_Exercise input_.
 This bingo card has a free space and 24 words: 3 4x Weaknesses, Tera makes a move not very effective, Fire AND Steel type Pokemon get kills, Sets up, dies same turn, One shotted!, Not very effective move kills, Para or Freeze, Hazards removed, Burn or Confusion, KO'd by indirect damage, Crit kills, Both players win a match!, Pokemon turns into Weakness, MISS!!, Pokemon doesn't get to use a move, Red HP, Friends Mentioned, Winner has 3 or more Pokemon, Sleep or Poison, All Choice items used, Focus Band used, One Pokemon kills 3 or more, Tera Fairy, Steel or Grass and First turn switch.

---

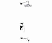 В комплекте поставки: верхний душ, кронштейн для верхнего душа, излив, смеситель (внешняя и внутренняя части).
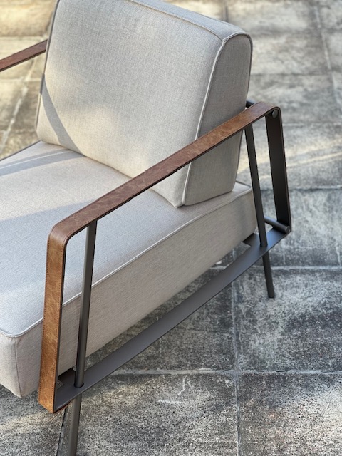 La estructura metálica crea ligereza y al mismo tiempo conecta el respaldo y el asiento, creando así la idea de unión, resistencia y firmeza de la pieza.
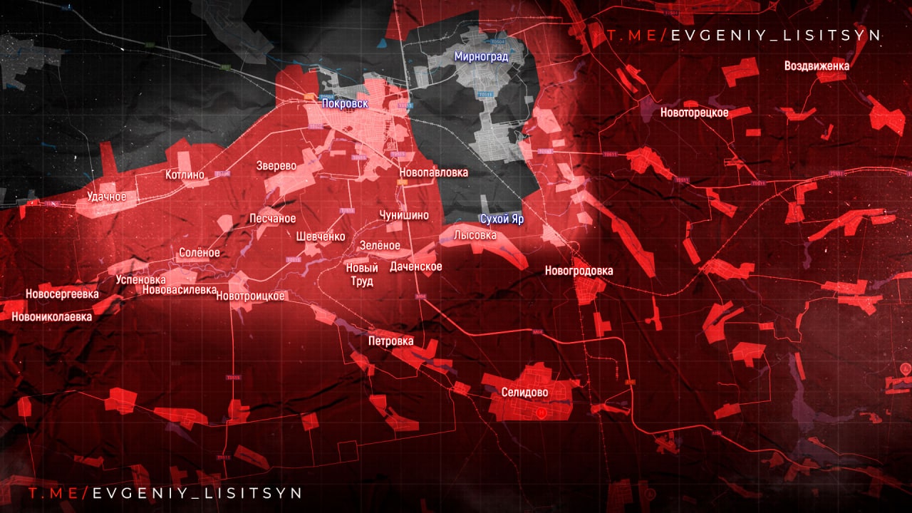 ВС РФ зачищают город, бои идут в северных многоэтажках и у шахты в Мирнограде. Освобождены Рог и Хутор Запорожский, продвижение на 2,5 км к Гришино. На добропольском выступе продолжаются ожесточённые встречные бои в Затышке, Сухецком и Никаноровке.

---

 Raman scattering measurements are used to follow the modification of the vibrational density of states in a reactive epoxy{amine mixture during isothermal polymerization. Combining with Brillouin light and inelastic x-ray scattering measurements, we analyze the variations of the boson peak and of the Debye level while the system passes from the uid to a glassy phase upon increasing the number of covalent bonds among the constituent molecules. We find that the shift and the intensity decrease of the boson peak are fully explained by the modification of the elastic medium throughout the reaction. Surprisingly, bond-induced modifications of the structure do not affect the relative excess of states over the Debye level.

_Instructions for the task_. Using the records above, return word for word the lines that begin at the one containing "В комплекте поставки: верхний" and end at the one containing "ВС РФ зачищают", both of them included and no pictures.

_Written answer_.
 В комплекте поставки: верхний душ, кронштейн для верхнего душа, излив, смеситель (внешняя и внутренняя части).
 La estructura metálica crea ligereza y al mismo tiempo conecta el respaldo y el asiento, creando así la idea de unión, resistencia y firmeza de la pieza.
 ВС РФ зачищают город, бои идут в северных многоэтажках и у шахты в Мирнограде. Освобождены Рог и Хутор Запорожский, продвижение на 2,5 км к Гришино. На добропольском выступе продолжаются ожесточённые встречные бои в Затышке, Сухецком и Никаноровке.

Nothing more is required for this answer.